Evaluation of Nosocomial Infections in Reanimation Intensive Care Unit: Analysis of Six Years Surveillance

2020 
Objective: Nosocomial infections (NI) raise costs due to the increased in mortality and long-term hospitalization. There are more NIs in intensive care units (ICU) probably due to invasive procedures. In order to reduce NIs, the most important step in terms of prevention is the identification of the common pathogens with their infection rates among these units. For this purpose, the centers should conduct surveillance studies and often evaluate their data. Methods: We evaluated the infection rates and ratios, between January 1st, 2014 and August 31st, 2019 in Reanimation Intensive Care Unit (ICU) in our hospital. Method of the surveillance was, prospective, active, laboratory and patient based. Results: In our reanimation ICU, 1591 patients were followed up during the study period. 192 NIs were observed in 179 patients on 21,840 intensive care days.
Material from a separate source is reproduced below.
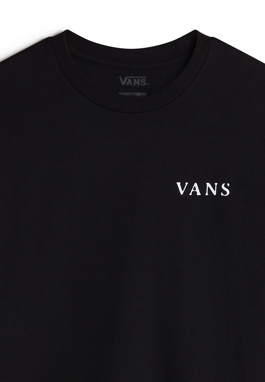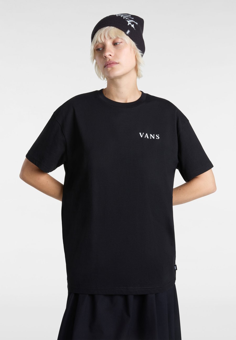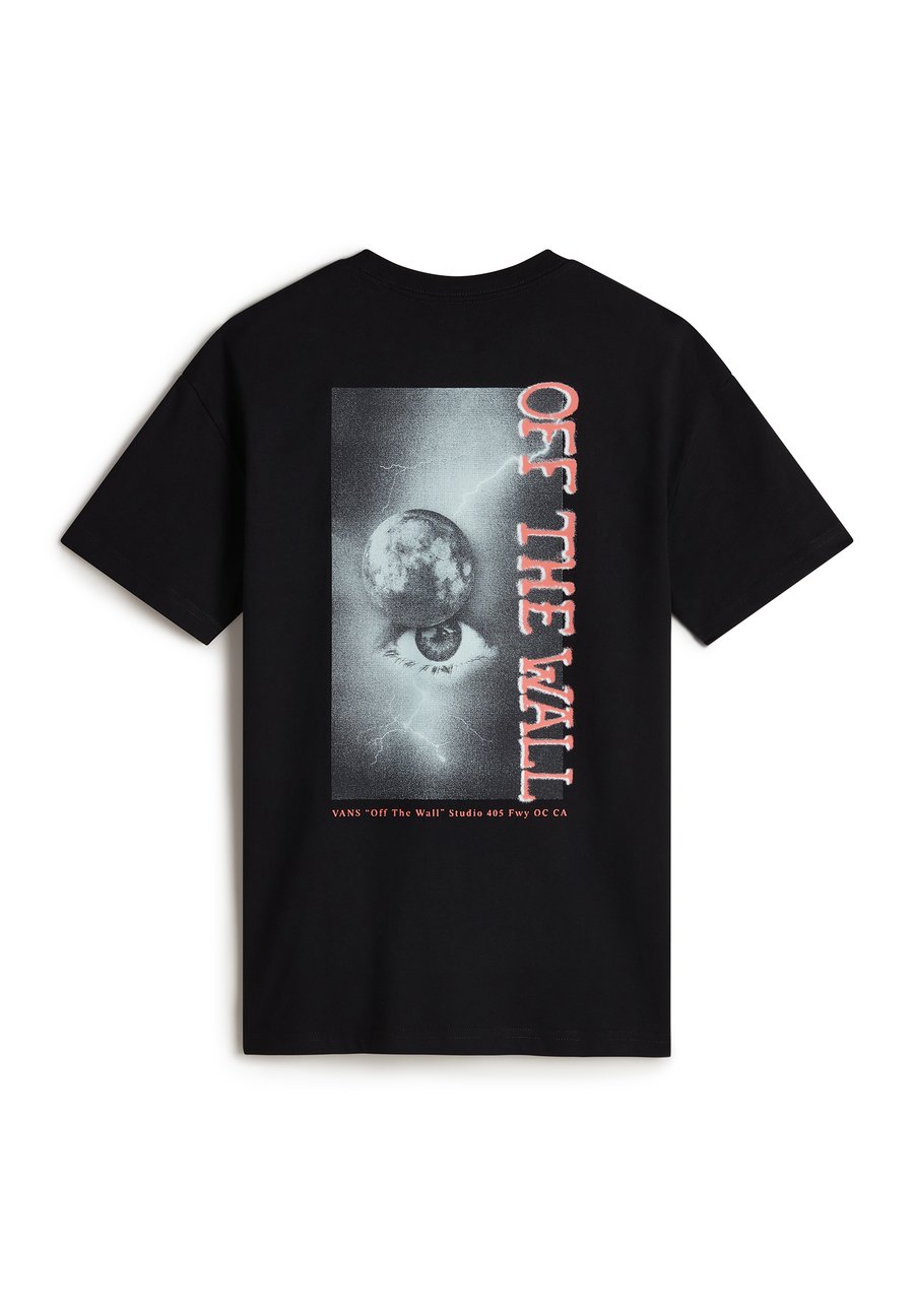 Футболка оверсайз Night Orb - женская футболка с графическим принтом. Цвет и состав материала: - Классический черный цвет с белым логотипом VANS на груди - Эффектный графический принт на спине с изображением луны и глаза в серых и розовых тонах - 100% плотный хлопковый трикотаж. Особенности посадки и комфорта: - Свободный силуэт оверсайз для максимального комфорта - Аккуратный круглый вырез с ребристым воротником - Спущенные плечи для повседневного стиля - Длина до середины бедра - Высококачественный хлопок 20/1 для долговечности. Футболка оверсайз Night Orb сочетает в себе фирменный стиль Vans и стильный базовый элемент гардероба. Эта футболка оверсайз сочетает в себе высококачественный плотный хлопок и уличный графический принт, что делает ее идеальной как для повседневного, так и для более нарядного стиля. Свободный крой и прочная ткань обеспечивают комфорт в течение всего дня, а загадочный рисунок луны и глаза добавляет художественной изюминки этой универсальной вещи. Вырез горловины: круглыйМатериал и уход

NI rate was found to be 11.25 and Infection density rate was found to be 8.20 and their change over the years was examined. Analysis regarding the source of infections revealed that ventilator-related pneumonia (27.08%) and central venous catheter-related blood-stream infection (25.52%) was most commonly observed during the study period. The ventilator usage rate was 0.54 (11.859 ventilator days) and the central venous catheter usage rate was 0.94 (20.566 catheter days) in the study period. Acinetobacter baumannii (n = 96, 50%), Pseudomonas aeruginosa (n = 24, 12.5%) and Klebsiella pneumonia (n = 18, 9.38%) were most commonly isolated.